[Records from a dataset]
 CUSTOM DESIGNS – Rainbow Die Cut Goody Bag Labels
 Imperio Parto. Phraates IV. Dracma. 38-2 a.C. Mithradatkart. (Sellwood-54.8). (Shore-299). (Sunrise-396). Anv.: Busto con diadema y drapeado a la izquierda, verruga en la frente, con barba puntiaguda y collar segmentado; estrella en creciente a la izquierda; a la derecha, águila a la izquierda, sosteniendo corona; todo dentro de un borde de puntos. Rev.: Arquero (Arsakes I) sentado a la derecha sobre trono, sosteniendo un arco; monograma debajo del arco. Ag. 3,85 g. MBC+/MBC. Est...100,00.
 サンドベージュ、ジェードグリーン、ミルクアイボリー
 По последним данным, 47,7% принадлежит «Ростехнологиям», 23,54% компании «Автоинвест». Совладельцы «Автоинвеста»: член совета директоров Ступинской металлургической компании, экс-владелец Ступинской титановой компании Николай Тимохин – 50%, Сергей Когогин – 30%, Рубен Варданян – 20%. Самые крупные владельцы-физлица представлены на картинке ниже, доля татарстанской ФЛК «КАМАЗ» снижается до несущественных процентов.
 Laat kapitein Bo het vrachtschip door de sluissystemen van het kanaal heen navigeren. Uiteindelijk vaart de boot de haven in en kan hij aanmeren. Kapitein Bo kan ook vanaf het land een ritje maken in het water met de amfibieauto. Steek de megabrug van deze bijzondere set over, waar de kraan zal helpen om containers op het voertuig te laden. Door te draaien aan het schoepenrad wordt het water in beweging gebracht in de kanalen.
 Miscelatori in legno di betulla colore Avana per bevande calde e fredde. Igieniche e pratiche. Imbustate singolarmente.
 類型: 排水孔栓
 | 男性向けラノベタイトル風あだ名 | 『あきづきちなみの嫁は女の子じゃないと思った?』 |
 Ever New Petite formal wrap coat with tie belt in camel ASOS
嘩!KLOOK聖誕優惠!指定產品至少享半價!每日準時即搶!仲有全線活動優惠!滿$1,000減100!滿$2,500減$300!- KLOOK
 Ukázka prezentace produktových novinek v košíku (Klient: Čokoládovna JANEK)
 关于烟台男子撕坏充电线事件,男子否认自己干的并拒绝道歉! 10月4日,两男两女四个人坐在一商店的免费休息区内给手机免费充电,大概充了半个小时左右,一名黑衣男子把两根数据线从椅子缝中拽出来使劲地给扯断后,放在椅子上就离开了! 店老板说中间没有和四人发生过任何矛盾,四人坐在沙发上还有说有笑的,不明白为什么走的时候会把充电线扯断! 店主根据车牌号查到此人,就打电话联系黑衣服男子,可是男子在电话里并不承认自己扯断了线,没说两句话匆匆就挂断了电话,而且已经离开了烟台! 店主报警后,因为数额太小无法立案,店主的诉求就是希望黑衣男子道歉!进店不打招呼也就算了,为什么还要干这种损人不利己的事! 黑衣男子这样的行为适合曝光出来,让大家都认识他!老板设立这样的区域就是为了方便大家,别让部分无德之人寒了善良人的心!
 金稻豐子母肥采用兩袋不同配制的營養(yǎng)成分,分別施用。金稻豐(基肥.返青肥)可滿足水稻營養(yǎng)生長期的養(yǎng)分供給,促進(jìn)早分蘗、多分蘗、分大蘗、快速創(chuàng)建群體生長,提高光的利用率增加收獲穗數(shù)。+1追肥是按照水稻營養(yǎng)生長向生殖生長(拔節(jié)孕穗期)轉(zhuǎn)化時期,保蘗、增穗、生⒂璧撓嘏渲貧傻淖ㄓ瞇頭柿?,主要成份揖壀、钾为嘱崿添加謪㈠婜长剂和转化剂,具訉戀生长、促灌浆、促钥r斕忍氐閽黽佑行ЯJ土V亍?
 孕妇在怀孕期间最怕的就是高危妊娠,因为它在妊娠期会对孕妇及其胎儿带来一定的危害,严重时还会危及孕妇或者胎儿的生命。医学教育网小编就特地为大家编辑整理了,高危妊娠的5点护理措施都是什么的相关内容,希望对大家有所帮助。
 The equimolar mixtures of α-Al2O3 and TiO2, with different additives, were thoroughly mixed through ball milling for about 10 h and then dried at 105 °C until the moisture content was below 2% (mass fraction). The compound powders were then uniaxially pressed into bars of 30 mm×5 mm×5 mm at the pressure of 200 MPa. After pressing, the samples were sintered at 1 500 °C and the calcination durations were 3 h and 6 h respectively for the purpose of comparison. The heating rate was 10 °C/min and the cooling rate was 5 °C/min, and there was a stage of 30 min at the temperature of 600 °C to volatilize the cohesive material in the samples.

DESCRIPTION OF THE TASK:
The expected response consists solely of the lines from the one with "金稻豐子母肥采用兩袋不同配制" through the end of the records, repeated exactly.

ANSWER TO THE PROBLEM:
 金稻豐子母肥采用兩袋不同配制的營養(yǎng)成分,分別施用。金稻豐(基肥.返青肥)可滿足水稻營養(yǎng)生長期的養(yǎng)分供給,促進(jìn)早分蘗、多分蘗、分大蘗、快速創(chuàng)建群體生長,提高光的利用率增加收獲穗數(shù)。+1追肥是按照水稻營養(yǎng)生長向生殖生長(拔節(jié)孕穗期)轉(zhuǎn)化時期,保蘗、增穗、生⒂璧撓嘏渲貧傻淖ㄓ瞇頭柿?,主要成份揖壀、钾为嘱崿添加謪㈠婜长剂和转化剂,具訉戀生长、促灌浆、促钥r斕忍氐閽黽佑行ЯJ土V亍?
 孕妇在怀孕期间最怕的就是高危妊娠,因为它在妊娠期会对孕妇及其胎儿带来一定的危害,严重时还会危及孕妇或者胎儿的生命。医学教育网小编就特地为大家编辑整理了,高危妊娠的5点护理措施都是什么的相关内容,希望对大家有所帮助。
 The equimolar mixtures of α-Al2O3 and TiO2, with different additives, were thoroughly mixed through ball milling for about 10 h and then dried at 105 °C until the moisture content was below 2% (mass fraction). The compound powders were then uniaxially pressed into bars of 30 mm×5 mm×5 mm at the pressure of 200 MPa. After pressing, the samples were sintered at 1 500 °C and the calcination durations were 3 h and 6 h respectively for the purpose of comparison. The heating rate was 10 °C/min and the cooling rate was 5 °C/min, and there was a stage of 30 min at the temperature of 600 °C to volatilize the cohesive material in the samples.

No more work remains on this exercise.